Le foto di Baby dull sono la documentazione di una performance realizzata dall’artista in un motel in cui l’artista ha installato delle ciglia finte di metallo, ancorandole al muro con delle catene. L’opera, permanentemente installata nella stanza della struttura, è un invito a un gioco intimo di cambio di prospettiva, di genere e di identità.
Debora Hirsch
I lavori presentati in mostra da Debora Hirsch sono complementari e spiazzanti nella relazione tra di loro. La prima opera Iconography of Silence è costituita da due video, confezionati come un dittico. L’artista affronta il tema drammatico degli abusi sulle donne, scegliendo un linguaggio scabro che nulla concede alla retorica e alla spettacolarizzazione. Nel primo video frammenti di immagini di violenze riprese da telecamere ambientali emergono dal fondo dello schermo per pochi istanti concitati e poi lasciare spazio allo sconcerto e al silenzio. Nel secondo, invece, poco alla volta assistiamo al comporsi di una sequenza di frasi reali che hanno accompagnato gli episodi di violenza, in caratteri di color rosso. Il flusso delle parole alla fine stabilisce una texture che trafigge lo sguardo. La violenza trova così una sua voce che risulta ancora più impattante nell’assenza del suono che contraddistingue l’opera. La superficie a specchio dei due schermi completa il senso dell’opera: chi guarda ritrova la propria immagine catturata dai video come a certificare l’impossibilità di chiamarsi fuori.

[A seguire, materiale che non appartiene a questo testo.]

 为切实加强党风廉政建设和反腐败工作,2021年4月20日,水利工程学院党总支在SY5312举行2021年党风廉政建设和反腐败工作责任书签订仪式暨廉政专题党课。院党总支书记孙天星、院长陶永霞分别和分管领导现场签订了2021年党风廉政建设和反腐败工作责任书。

Di fronte la grande tela della serie Firmamento funziona da compensazione, con lo stile arioso e immaginifico della composizione. Hirsch infatti dispiega sulla superficie della tela, con molta libertà, elementi derivati da una sensibilità visiva latina. L’aspetto è volutamente neutro e decorativo. La sensazione, per colui che guarda, è che quel viluppo di forme nascondano dentro di loro una funzione taumaturgica, che modera e bilancia il male sigillato dentro le scatole nere dei video.
Iva Lulashi
Il punto di partenza della pittura di Iva Lulashi è frequentemente un frame video. L’artista, dopo aver compiuto una ricerca nel web con alcune delle parole che ama indagare, sceglie un’immagine che ritiene adatta a innescare un processo pittorico. Il frame funziona da spiraglio sulla realtà e proprio per la sua indeterminatezza e anche la sua ambiguità lascia spazio aperto all’agire della pittura. È un metodo a cui l’artista si attiene con molta coerenza e che sta alla radice dell’opera Sweet Flagrum, realizzata appositamente per Libere tutte. È un olio di dimensioni nettamente più grandi rispetto alla consueta produzione di Lulashi, documentata dagli altri due quadri esposti. Il corpo di donna inghiottito da una natura dall’apparenza vorace è una prova di alta qualità e intensità pittorica, con quelle stesure a macchia che restituiscono una tensione drammatica che è intrinseca al processo tecnico. L’opera vive così di una doppia spinta contrastante. Da una parte mantiene un senso di lontananza, fisica e temporale, restituito dal tono ovattato della pittura; dall’altra esprime una dimensione di imminenza, di urgenza che è propria delle situazioni indagate. Anche la figura femminile di Sweet Flagrum è sottoposta a questa duplice tensione che la sospinge nel groviglio vegetale del contesto e contemporaneamente la fa rimbalzare sulla superficie della tela. Lo spazio liberato dall’indeterminatezza del frame diventa in questo modo un campo in cui la pittura può operare, ampliando oltre misura lo spettro dell’ambiguità.
Lalla Lussu
La ricerca di Lalla Lussu è rivolta ad indagare le potenzialità del colore di generare l’inatteso, di determinare ritmi, forme, geometrie, strutture e spazi che prima non esistevano. La pratica dell’artista, di natura processuale, è basata sull’applicazione in maniera libera del colore direttamente sui supporti, quali essenzialmente tessuti in juta e in lino grezzi, che vengono che poi lavorati, plissettati a distanza uniforme per renderli mossi, cadenzati e tridimensionali. Tale modalità scultorea, in opposizione alla consueta bidimensionalità dell’immagine pittorica, è ulteriormente rafforzata dall’installazione delle opere non su di una parete, bensì liberamente nel mezzo della stanza, a partire dal soffitto. Lussu capovolge in questo modo la logica dell’opera come stasi contemplativa da guardare su di un piano frontale rispetto all’occhio dell’osservatore e ne attiva invece le potenzialità interattive. Il fruitore infatti si muove, deve zigzagare tra gli elementi, come muovendosi in un bosco, toccando con il corpo le superfici o scansando il tessuto delicatamente con le mani. La sua è una foresta immaginaria, abitato da alberi colorati, dei quali la tela restituisce magicamente la superficie, la rugosità, le increspature e il profumo della corteccia. Lo spettatore è invitato a coglierne i dettagli camminandoci in mezzo, muovendosi liberamente come un esploratore che si inoltra tra gli alberi e si perde tra i vividi colori della foresta tropicale.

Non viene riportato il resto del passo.